Activity
If pictures appear among the lines below, leave them out while you return exactly the lines from the one with "康耐视In-Sight视觉系" through the one with "臥室整體氣氛典雅,頂級奢侈品".

Material to process
# # #

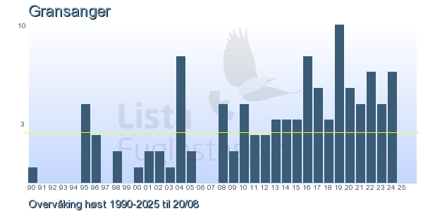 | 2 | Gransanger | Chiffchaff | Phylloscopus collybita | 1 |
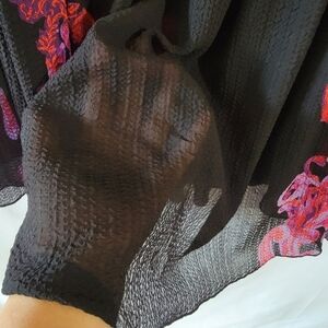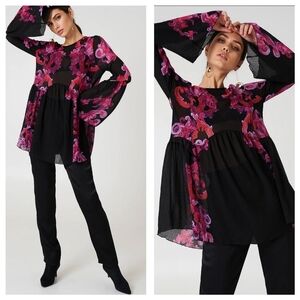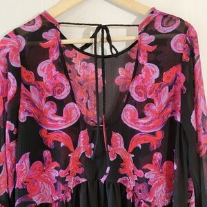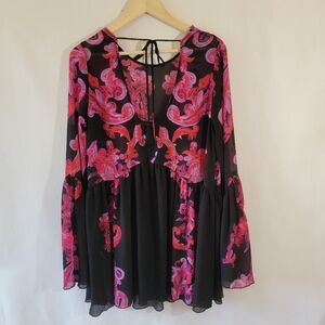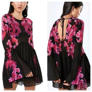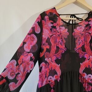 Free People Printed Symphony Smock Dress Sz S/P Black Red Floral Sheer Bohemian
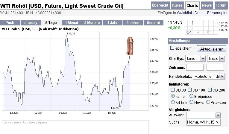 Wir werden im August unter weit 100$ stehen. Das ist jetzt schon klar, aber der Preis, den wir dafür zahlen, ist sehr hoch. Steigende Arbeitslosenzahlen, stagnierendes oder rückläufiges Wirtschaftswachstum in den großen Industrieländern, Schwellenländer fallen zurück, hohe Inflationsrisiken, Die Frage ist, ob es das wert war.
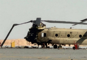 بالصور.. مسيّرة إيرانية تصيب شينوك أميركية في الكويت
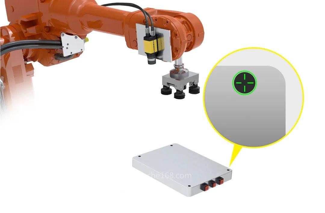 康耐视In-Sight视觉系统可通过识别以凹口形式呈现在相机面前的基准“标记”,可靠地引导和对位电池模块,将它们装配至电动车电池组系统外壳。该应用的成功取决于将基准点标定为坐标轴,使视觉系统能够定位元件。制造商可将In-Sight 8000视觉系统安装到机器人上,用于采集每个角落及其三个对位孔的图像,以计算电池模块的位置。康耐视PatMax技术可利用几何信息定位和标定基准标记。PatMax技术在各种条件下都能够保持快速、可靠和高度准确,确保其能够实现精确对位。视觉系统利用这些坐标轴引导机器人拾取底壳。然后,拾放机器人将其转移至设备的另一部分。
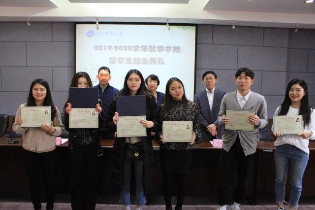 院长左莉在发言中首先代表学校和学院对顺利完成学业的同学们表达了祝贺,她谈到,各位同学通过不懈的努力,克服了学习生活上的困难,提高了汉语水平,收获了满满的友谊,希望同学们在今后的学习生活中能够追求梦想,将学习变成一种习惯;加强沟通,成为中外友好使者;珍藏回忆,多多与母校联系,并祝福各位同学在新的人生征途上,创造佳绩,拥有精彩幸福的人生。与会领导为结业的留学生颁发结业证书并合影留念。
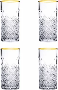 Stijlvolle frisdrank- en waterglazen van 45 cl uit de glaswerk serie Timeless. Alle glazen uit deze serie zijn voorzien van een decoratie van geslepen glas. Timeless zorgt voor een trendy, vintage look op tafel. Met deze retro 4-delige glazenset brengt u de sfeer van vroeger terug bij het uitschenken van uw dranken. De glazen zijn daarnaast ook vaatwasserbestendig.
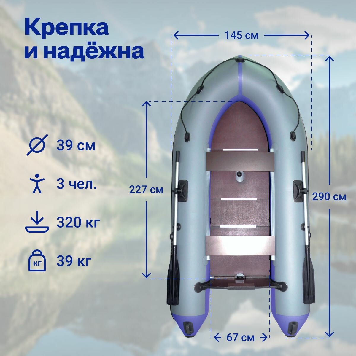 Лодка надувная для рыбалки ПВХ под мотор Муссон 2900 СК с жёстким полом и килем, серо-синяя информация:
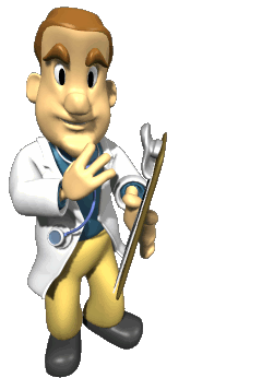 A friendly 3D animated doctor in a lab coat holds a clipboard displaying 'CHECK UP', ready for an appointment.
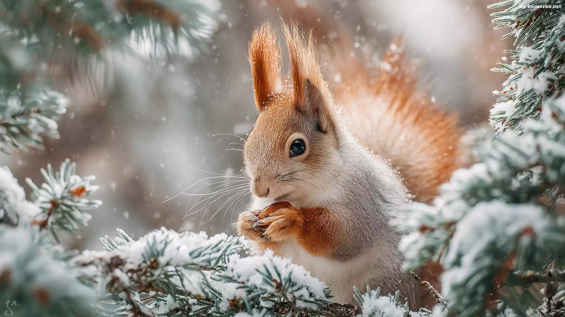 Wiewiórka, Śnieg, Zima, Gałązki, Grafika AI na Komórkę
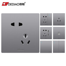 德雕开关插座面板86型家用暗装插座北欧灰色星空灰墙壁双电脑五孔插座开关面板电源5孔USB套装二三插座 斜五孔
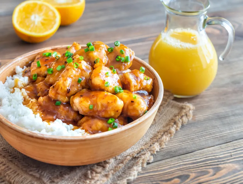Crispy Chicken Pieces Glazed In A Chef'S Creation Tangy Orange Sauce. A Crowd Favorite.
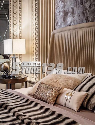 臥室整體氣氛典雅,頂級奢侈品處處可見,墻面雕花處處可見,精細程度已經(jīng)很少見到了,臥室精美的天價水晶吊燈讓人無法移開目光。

# # #

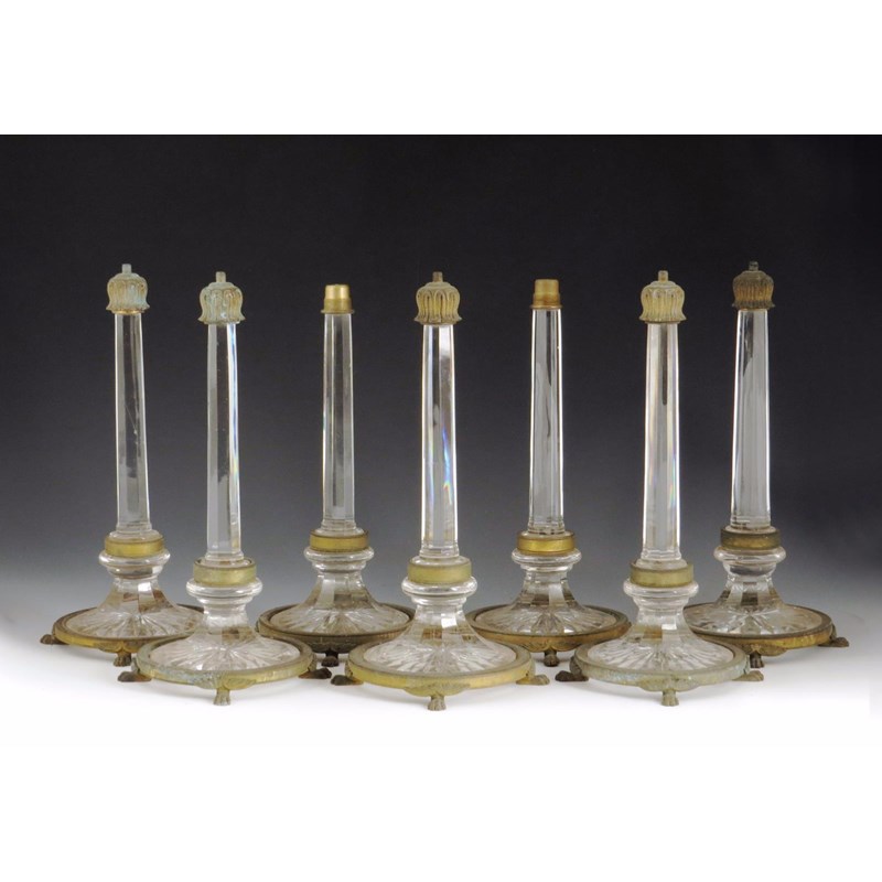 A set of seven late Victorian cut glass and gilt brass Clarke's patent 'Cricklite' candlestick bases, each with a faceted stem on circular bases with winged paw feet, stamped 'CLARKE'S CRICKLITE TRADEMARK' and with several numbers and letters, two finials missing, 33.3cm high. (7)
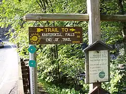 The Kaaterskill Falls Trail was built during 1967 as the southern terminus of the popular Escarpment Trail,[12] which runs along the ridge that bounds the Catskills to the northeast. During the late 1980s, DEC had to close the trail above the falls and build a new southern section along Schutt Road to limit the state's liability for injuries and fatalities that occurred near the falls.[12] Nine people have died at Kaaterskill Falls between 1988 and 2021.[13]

# # #

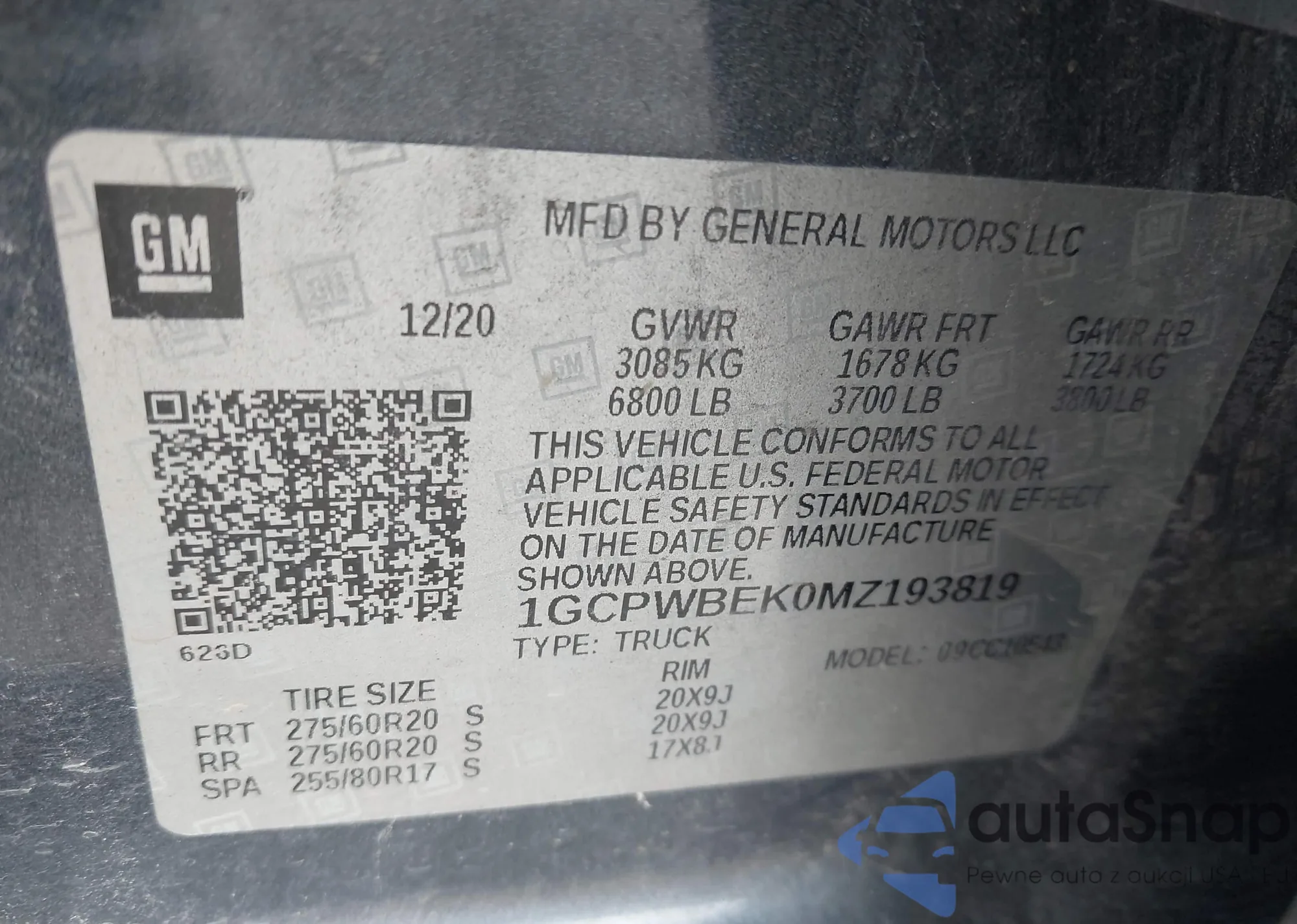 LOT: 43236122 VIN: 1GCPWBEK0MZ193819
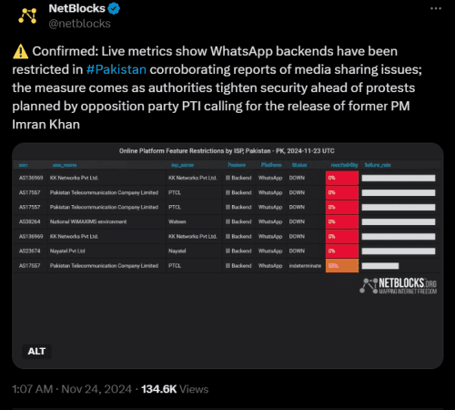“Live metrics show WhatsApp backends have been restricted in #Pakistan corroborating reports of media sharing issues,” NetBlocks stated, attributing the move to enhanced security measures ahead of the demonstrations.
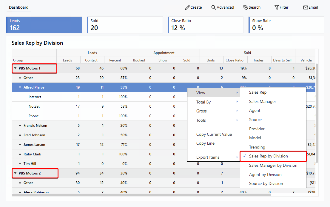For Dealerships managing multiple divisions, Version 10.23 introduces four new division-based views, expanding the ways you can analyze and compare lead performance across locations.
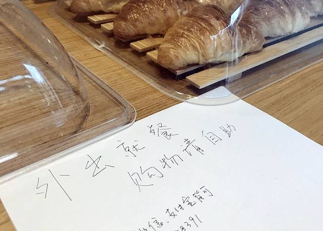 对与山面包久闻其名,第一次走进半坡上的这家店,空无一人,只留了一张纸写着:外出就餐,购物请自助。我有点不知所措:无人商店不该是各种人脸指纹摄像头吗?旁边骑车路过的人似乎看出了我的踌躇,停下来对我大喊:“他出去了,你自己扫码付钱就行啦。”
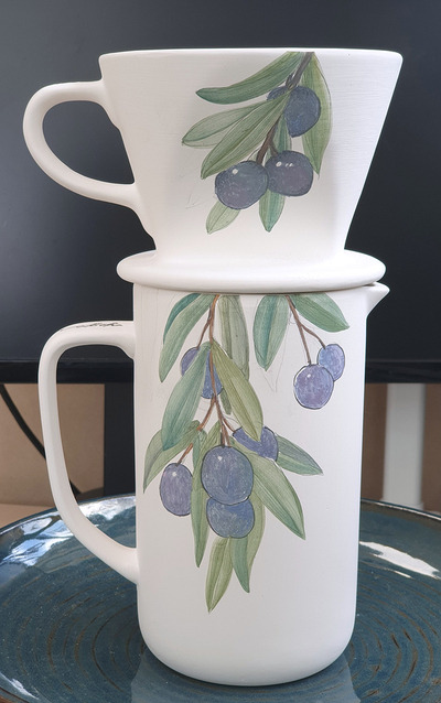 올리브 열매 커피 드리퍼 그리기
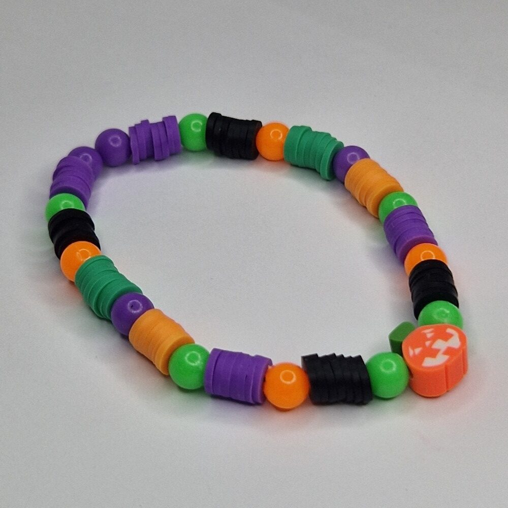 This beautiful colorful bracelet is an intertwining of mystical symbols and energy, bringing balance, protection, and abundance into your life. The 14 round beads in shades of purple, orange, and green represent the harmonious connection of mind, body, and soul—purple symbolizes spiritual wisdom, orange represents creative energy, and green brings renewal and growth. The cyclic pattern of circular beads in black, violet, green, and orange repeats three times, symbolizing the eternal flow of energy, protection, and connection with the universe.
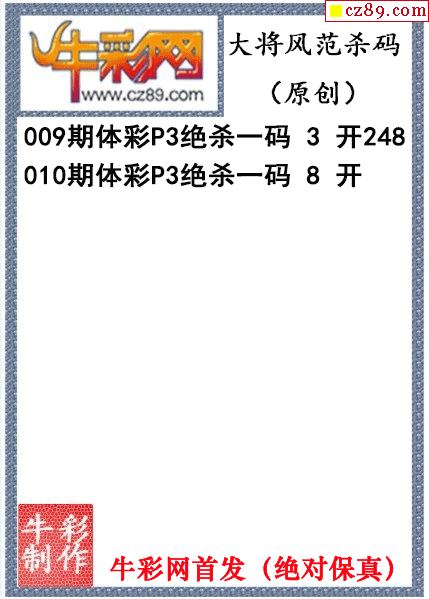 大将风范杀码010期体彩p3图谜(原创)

# # #

Task result
 康耐视In-Sight视觉系统可通过识别以凹口形式呈现在相机面前的基准“标记”,可靠地引导和对位电池模块,将它们装配至电动车电池组系统外壳。该应用的成功取决于将基准点标定为坐标轴,使视觉系统能够定位元件。制造商可将In-Sight 8000视觉系统安装到机器人上,用于采集每个角落及其三个对位孔的图像,以计算电池模块的位置。康耐视PatMax技术可利用几何信息定位和标定基准标记。PatMax技术在各种条件下都能够保持快速、可靠和高度准确,确保其能够实现精确对位。视觉系统利用这些坐标轴引导机器人拾取底壳。然后,拾放机器人将其转移至设备的另一部分。
 院长左莉在发言中首先代表学校和学院对顺利完成学业的同学们表达了祝贺,她谈到,各位同学通过不懈的努力,克服了学习生活上的困难,提高了汉语水平,收获了满满的友谊,希望同学们在今后的学习生活中能够追求梦想,将学习变成一种习惯;加强沟通,成为中外友好使者;珍藏回忆,多多与母校联系,并祝福各位同学在新的人生征途上,创造佳绩,拥有精彩幸福的人生。与会领导为结业的留学生颁发结业证书并合影留念。
 Stijlvolle frisdrank- en waterglazen van 45 cl uit de glaswerk serie Timeless. Alle glazen uit deze serie zijn voorzien van een decoratie van geslepen glas. Timeless zorgt voor een trendy, vintage look op tafel. Met deze retro 4-delige glazenset brengt u de sfeer van vroeger terug bij het uitschenken van uw dranken. De glazen zijn daarnaast ook vaatwasserbestendig.
 Лодка надувная для рыбалки ПВХ под мотор Муссон 2900 СК с жёстким полом и килем, серо-синяя информация:
 A friendly 3D animated doctor in a lab coat holds a clipboard displaying 'CHECK UP', ready for an appointment.
 Wiewiórka, Śnieg, Zima, Gałązki, Grafika AI na Komórkę
 德雕开关插座面板86型家用暗装插座北欧灰色星空灰墙壁双电脑五孔插座开关面板电源5孔USB套装二三插座 斜五孔
Crispy Chicken Pieces Glazed In A Chef'S Creation Tangy Orange Sauce. A Crowd Favorite.
 臥室整體氣氛典雅,頂級奢侈品處處可見,墻面雕花處處可見,精細程度已經(jīng)很少見到了,臥室精美的天價水晶吊燈讓人無法移開目光。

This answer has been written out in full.